ACTION ITEM: Pictures appear among the records. Write out all else exactly as it stands.

Items from a data source:

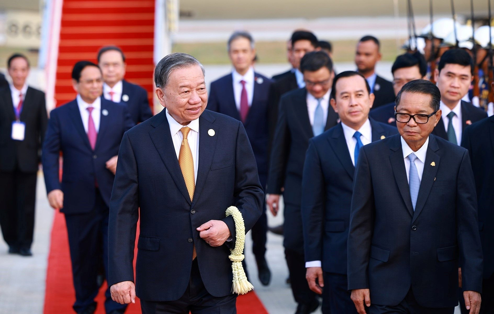 Tổng Bí thư Tô Lâm đến Phnom Penh, bắt đầu thăm Campuchia. Ảnh: TTXVN
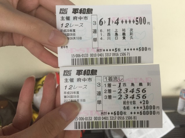きっとこの予想にのっかっておけば、的中するに違いないという予感はしたんですが、企画のことを考えるとそろそろ当てておきたい。それに、軍資金がたくさんあるときにしか広く買うことができないですし……。結局、リスクヘッジを考えて「1-全―全」の20点に3000円ずつベットすることにしました。残りの500円は夢を買うつもりで、「 6 -1- 4 」の舟券を購入しました。
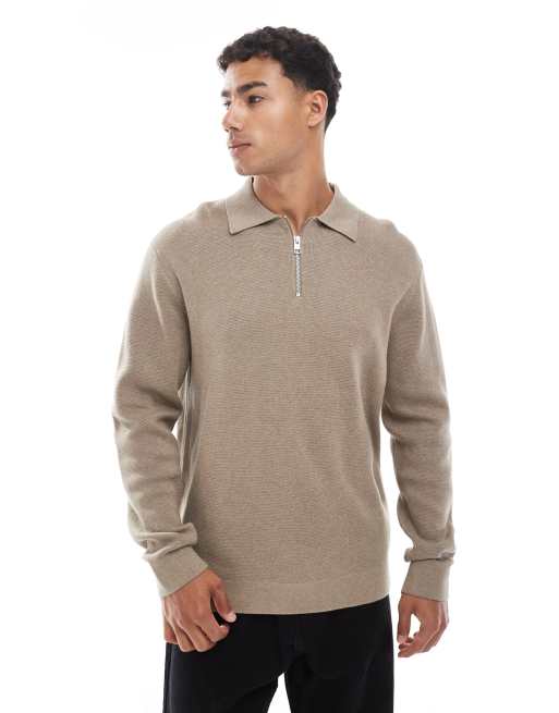 Jack & Jones premium long sleeve knit polo shirt with quarter zip in beige
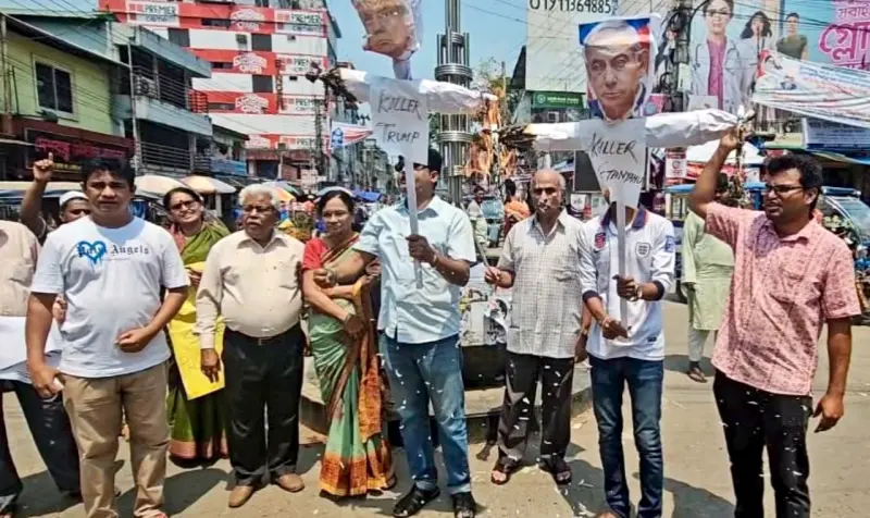 নিরীহ ফিলিস্তিনিদের উপর মার্কিন সাম্রাজ্যবাদের মদদে ইসরায়েলের আগ্রাসন ও বর্বরোচিত গণহত্যার প্রতিবাদে সুনামগঞ্জে বিক্ষোভ সমাবেশ অনুষ্ঠিত হয়।
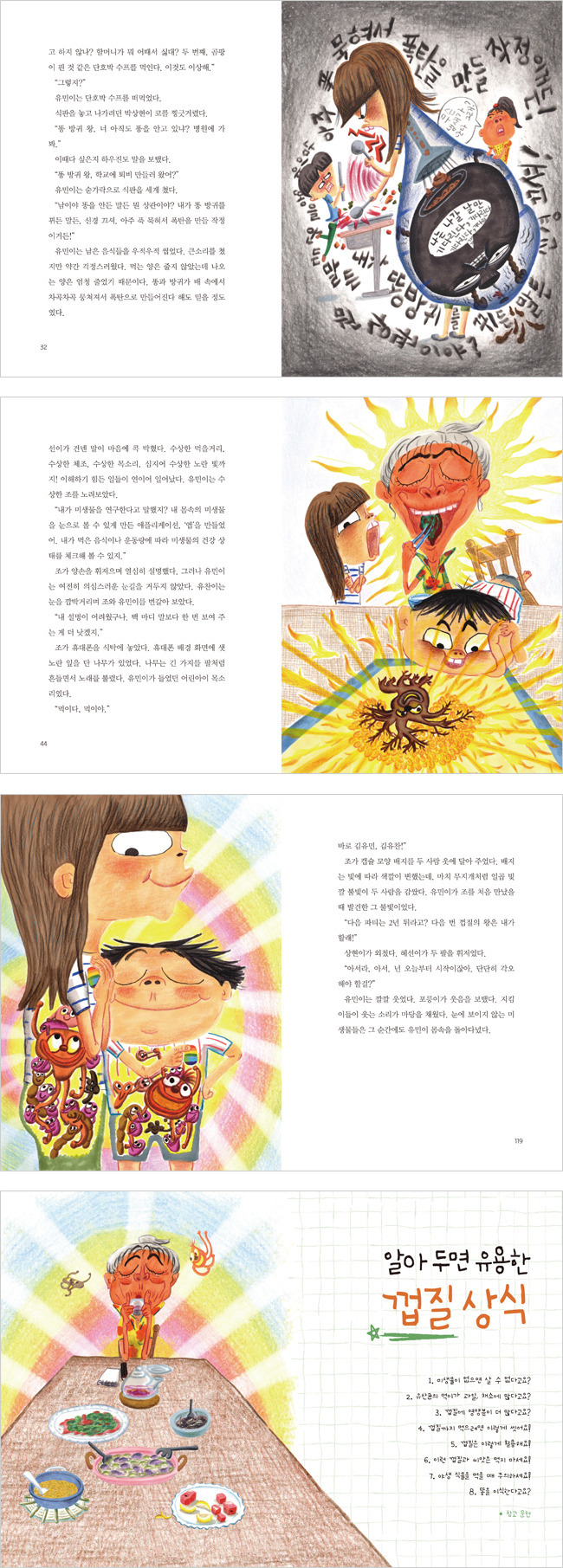 더불어 이 책의 부록에는, 장 건강을 지키기 위해 어린이들이 필수로 알아야 할 유용한 정보가 가득 실려 있습니다. 미생물이 없으면 사람이 왜 살 수 없는지, 유산균의 먹이가 어떤 음식에 더 많은지, 껍질은 왜 먹어야 하는지, 껍질을 깨끗이 씻는 방법, 껍질을 어떻게 활용하면 좋은지, 먹지 말아야 할 껍질과 씨앗은 무엇인지, 야생 식물은 왜 함부로 먹으면 안 되는지, 똥 은행의 탄생 등등 동화와 연계된 여러 정보들을 하나로 모아 한눈에 볼 수 있도록 깔끔하게 정리해 놓았습니다. 결론적으로 자라나는 어린이들이 이 책을 통해 올바른 식습관 개선과 장 건강의 중요성, 미생물이란 무엇이고 우리 몸속에서 어떤 역할을 하는지 알기 쉽게 배울 수 있을 것입니다.
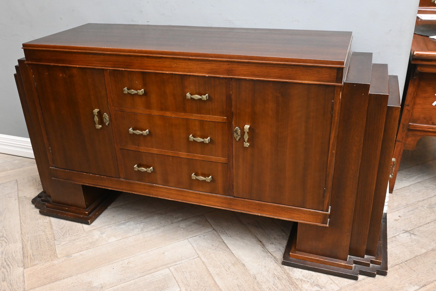 AN ART DECO TWO DOOR SIDEBOARD (A/F) (95H X 180W X 53D CM) (PLEASE NOTE THIS HEAVY ITEM MUST BE REMOVED BY CLIENTS OR CARRIERS AT THE CUSTOMERS EXPENSE. LEONARD JOEL STAFF CANNOT ASSIST CARRYING THIS ITEM)
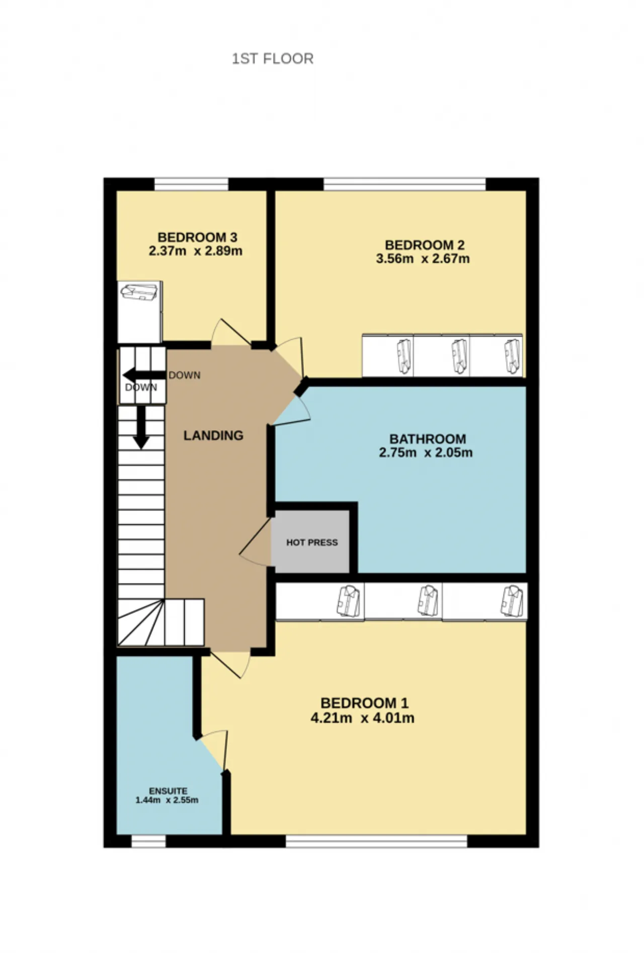 Bedroom 3 2.37m x 2.89m Single bedroom with carpet flooring, fitted wardrobes and window to rear.
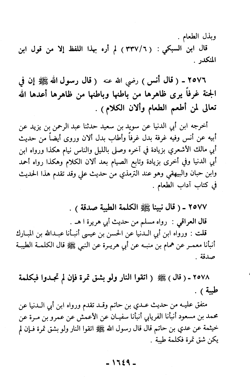 2578 - (قال) - صلّى الله عليه وسلم - (اتقوا النار ولو بشق تمرة فإن لم تجدوا فبكلمة طيبة).
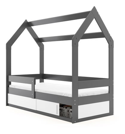 Gyerekágy 80 cm Dormo (grafit + fehér) (ágyráccsal, matraccal és tárolóhellyel)
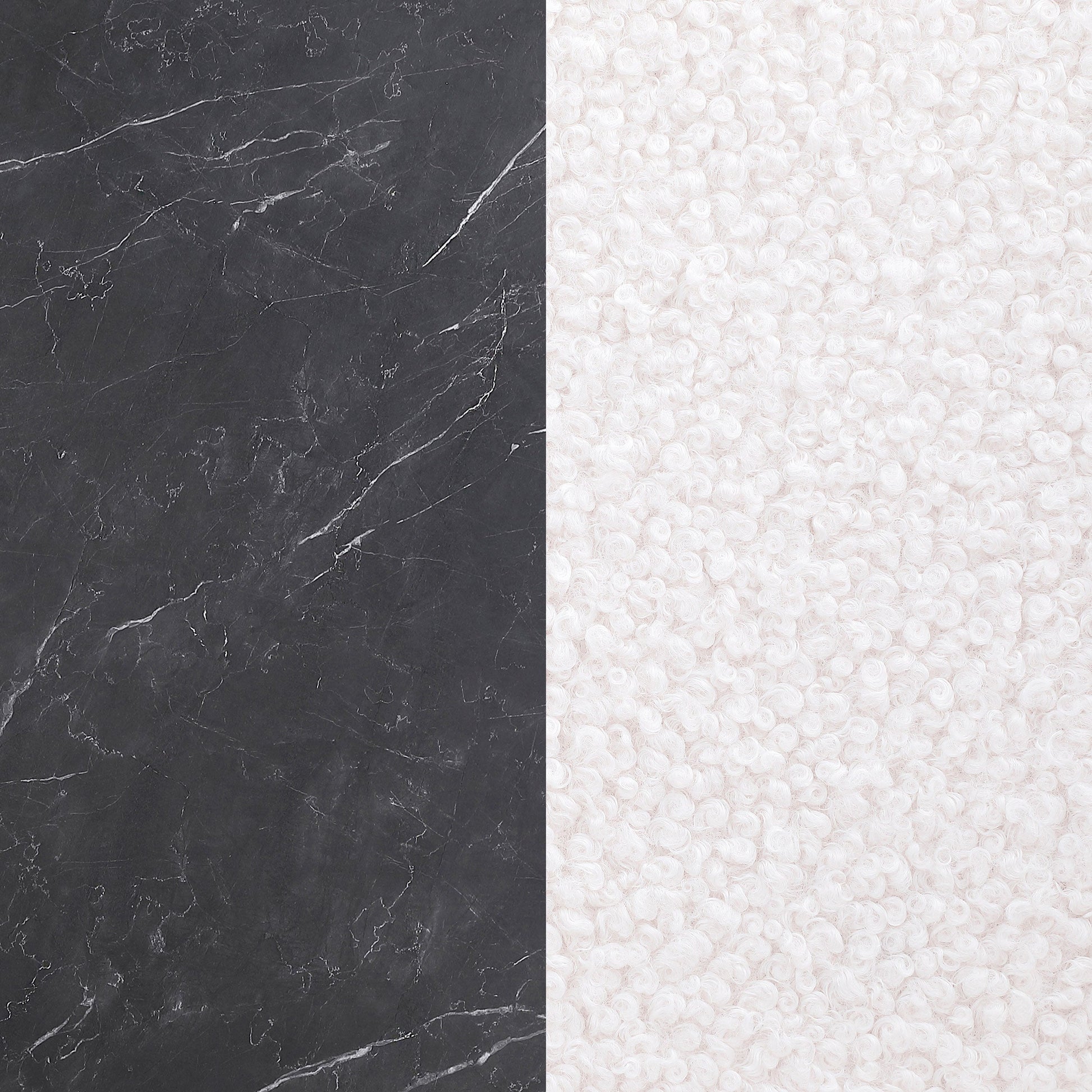 Reimaginez votre salle à manger avec le caractère frais et élégant d'un ensemble de salle à manger moderne cinq pièces. Centré autour d'une table ronde avec un plateau en marbre noir imitation, cet ensemble offre un contraste et une dimension saisissants dans une cuisine ou une salle à manger. Le plateau est en mélamine noire imprimée, conçue pour offrir un aspect impeccable à un prix abordable. Le piètement de la table est un piédestal en forme d'étoile en métal noir martelé, apportant une touche artistique à votre espace. Quatre chaises complètent l'ensemble, associant des pieds noirs martelés à un revêtement en tissu crème moelleux, offrant une texture charmante et un rembourrage confortable.
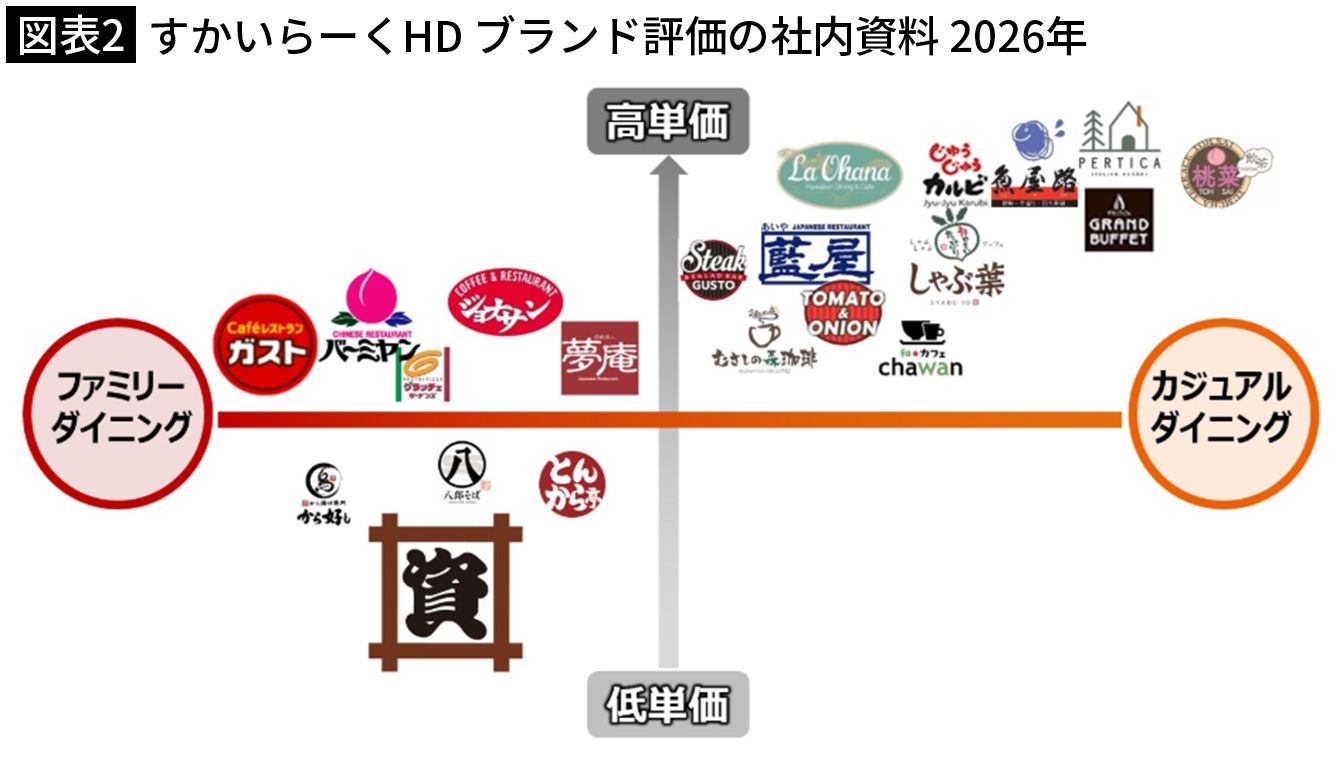 2026年現在のポートフォリオ。ガストなどが高価格に去り、跡に資さんが入った(すかいらーくHD 資料より)

ANSWER TO THIS TASK:
 Tổng Bí thư Tô Lâm đến Phnom Penh, bắt đầu thăm Campuchia. Ảnh: TTXVN
きっとこの予想にのっかっておけば、的中するに違いないという予感はしたんですが、企画のことを考えるとそろそろ当てておきたい。それに、軍資金がたくさんあるときにしか広く買うことができないですし……。結局、リスクヘッジを考えて「1-全―全」の20点に3000円ずつベットすることにしました。残りの500円は夢を買うつもりで、「 6 -1- 4 」の舟券を購入しました。
 Jack & Jones premium long sleeve knit polo shirt with quarter zip in beige
 নিরীহ ফিলিস্তিনিদের উপর মার্কিন সাম্রাজ্যবাদের মদদে ইসরায়েলের আগ্রাসন ও বর্বরোচিত গণহত্যার প্রতিবাদে সুনামগঞ্জে বিক্ষোভ সমাবেশ অনুষ্ঠিত হয়।
 더불어 이 책의 부록에는, 장 건강을 지키기 위해 어린이들이 필수로 알아야 할 유용한 정보가 가득 실려 있습니다. 미생물이 없으면 사람이 왜 살 수 없는지, 유산균의 먹이가 어떤 음식에 더 많은지, 껍질은 왜 먹어야 하는지, 껍질을 깨끗이 씻는 방법, 껍질을 어떻게 활용하면 좋은지, 먹지 말아야 할 껍질과 씨앗은 무엇인지, 야생 식물은 왜 함부로 먹으면 안 되는지, 똥 은행의 탄생 등등 동화와 연계된 여러 정보들을 하나로 모아 한눈에 볼 수 있도록 깔끔하게 정리해 놓았습니다. 결론적으로 자라나는 어린이들이 이 책을 통해 올바른 식습관 개선과 장 건강의 중요성, 미생물이란 무엇이고 우리 몸속에서 어떤 역할을 하는지 알기 쉽게 배울 수 있을 것입니다.
 AN ART DECO TWO DOOR SIDEBOARD (A/F) (95H X 180W X 53D CM) (PLEASE NOTE THIS HEAVY ITEM MUST BE REMOVED BY CLIENTS OR CARRIERS AT THE CUSTOMERS EXPENSE. LEONARD JOEL STAFF CANNOT ASSIST CARRYING THIS ITEM)
 Bedroom 3 2.37m x 2.89m Single bedroom with carpet flooring, fitted wardrobes and window to rear.
 2578 - (قال) - صلّى الله عليه وسلم - (اتقوا النار ولو بشق تمرة فإن لم تجدوا فبكلمة طيبة).
 Gyerekágy 80 cm Dormo (grafit + fehér) (ágyráccsal, matraccal és tárolóhellyel)
 Reimaginez votre salle à manger avec le caractère frais et élégant d'un ensemble de salle à manger moderne cinq pièces. Centré autour d'une table ronde avec un plateau en marbre noir imitation, cet ensemble offre un contraste et une dimension saisissants dans une cuisine ou une salle à manger. Le plateau est en mélamine noire imprimée, conçue pour offrir un aspect impeccable à un prix abordable. Le piètement de la table est un piédestal en forme d'étoile en métal noir martelé, apportant une touche artistique à votre espace. Quatre chaises complètent l'ensemble, associant des pieds noirs martelés à un revêtement en tissu crème moelleux, offrant une texture charmante et un rembourrage confortable.
 2026年現在のポートフォリオ。ガストなどが高価格に去り、跡に資さんが入った(すかいらーくHD 資料より)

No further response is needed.